Thanks for the responses.
cartToPolar only calculates the angle to an accuracy of 0.3 degrees, which is no good for me.
However, I solved this by implementing my own atan2(x,y) [note the switched function signature!] function using OpenCL accelerated OpenCV. There are one or two unnecessary copies so it needs some tidying, but its fast and produces the same result as std::atan2. It also risks divide-by-zero so I need to implement a mask to prevent this (unless there is some sort of default protection against div 0 in OpenCV divide()?Its based on the reference implementation of nVidia code from https://developer.download.nvidia.com... but I'm still curious to know if there is a cleaner way to just do this using the native OpenCL atan2(y,x)(https://www.khronos.org/registry/Open...)

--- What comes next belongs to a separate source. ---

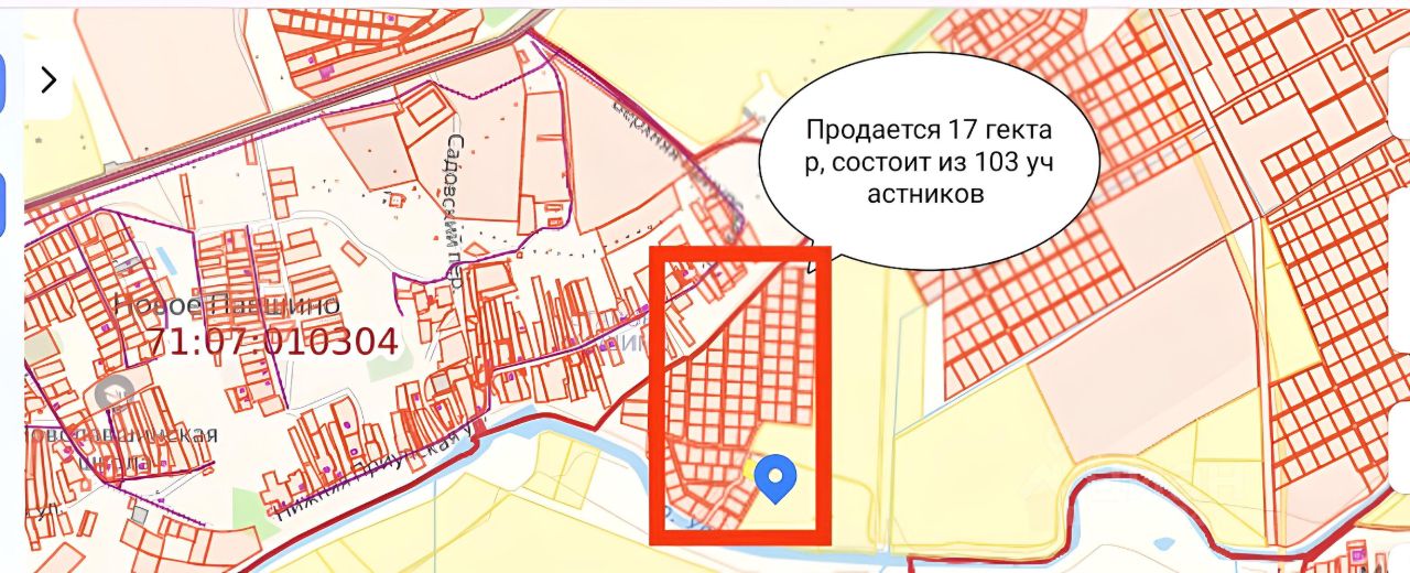 Продается 17 гектар земли, провели межевание, разделили на 103 участка, разрешённое использование: для сельскохозяйственного использования, для сельскохозяйственного производства, категория земель: земли населенных пунктов, находящийся по адресу: Тульская область, Дубенский район, с. Новое Павшино, ул. Садовая.

and feeding in the handle to the UMats?
Anyway, here is my messy, but working, solution:
void gpu_atan2(UMat& x_in, UMat& y_in, UMat& mask, UMat& t3)
{
// Calculate a good approximation of atan2 on the gpu using openCV UMats
// Formula adapted from (https://developer.download.nvidia.com/cg/atan2.html)

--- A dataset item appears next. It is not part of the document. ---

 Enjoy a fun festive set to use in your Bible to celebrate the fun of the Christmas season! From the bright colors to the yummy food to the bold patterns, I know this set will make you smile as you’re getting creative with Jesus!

// This seems to be accurate (compared to atan2 CPU) to about 0.0002 degrees
UMat t0, t1, t2,t3_mul, t4, t3_abs, t1_abs;
absdiff(x_in, (float)0.0, t3_abs); /* A trick to get abs(x_in) */
absdiff(y_in,(float)0.0, t1_abs); /* A trick to get abs(y_in) */
max(t3_abs, t1_abs, t0);
// We have to divide by t0 to calculate t3
// Lets create a t0 mask that masks out any zero values
UMat t0_mask(t0.size(), CV_8UC1, cv::Scalar(0));
compare(t0, (float)0.0, t0_mask, cv::CMP_NE); /* Sets anything not equal to zero to 255 */
// TODO - use this mask....
min(t3_abs, t1_abs, t1);
divide((float)1.0, t0, t3);
multiply(t1, t3, t3_mul);
cv::pow(t3_mul, 2, t4);
//multiply(t3_mul, t3_mul, t4);
t0.setTo((float)-0.013480470);
UMat t0_mul(t0.size(), t0.type());
multiply(t0, t4, t0_mul);
add(t0_mul, (float)0.057477314, t0);
multiply(t0, t4, t0_mul);
subtract(t0_mul, (float)0.121239071, t0);
multiply(t0, t4, t0_mul);
add(t0_mul, (float)0.195635925, t0);
multiply(t0, t4, t0_mul);
subtract(t0_mul, (float)0.332994597, t0);
multiply(t0, t4, t0_mul);
add(t0_mul, (float)0.999995630, t0);
multiply(t0, t3_mul, t3);
UMat t1_gt_t3(t1_abs.size(), CV_8UC1, cv::Scalar(0));
compare(t1_abs, t3_abs, t1_gt_t3, cv::CMP_GT);
UMat sub1;
subtract(Scalar((float)1.570796327), t3, sub1);
//subtract(Scalar((float)1.570796327), t3, t3_mul, t1_gt_t3);
sub1.copyTo(t3, t1_gt_t3);
UMat x_in_lt_zero(x_in.size(), CV_8UC1, cv::Scalar(0));
compare(x_in, Scalar(0.0), x_in_lt_zero, cv::CMP_LT);
subtract(Scalar((float)3.141592654), t3, sub1);
//subtract(Scalar((float)3.141592654), t3_mul, t3, x_in_lt_zero);
sub1.copyTo(t3, x_in_lt_zero);
UMat y_in_lt_zero(y_in.size(), CV_8UC1, cv::Scalar(0));
compare(y_in, Scalar((float)0.0), y_in_lt_zero, cv::CMP_LT);
UMat t3_all_negated(y_in.size(), y_in.type());
multiply(t3,Scalar((float)-1.0), t3_all_negated); /* Annoyingly we cannot use a mask with multiply in OpenCV */
t3_all_negated.copyTo(t3, y_in_lt_zero);
}
where did you find this ? (i don't think such a thing exists)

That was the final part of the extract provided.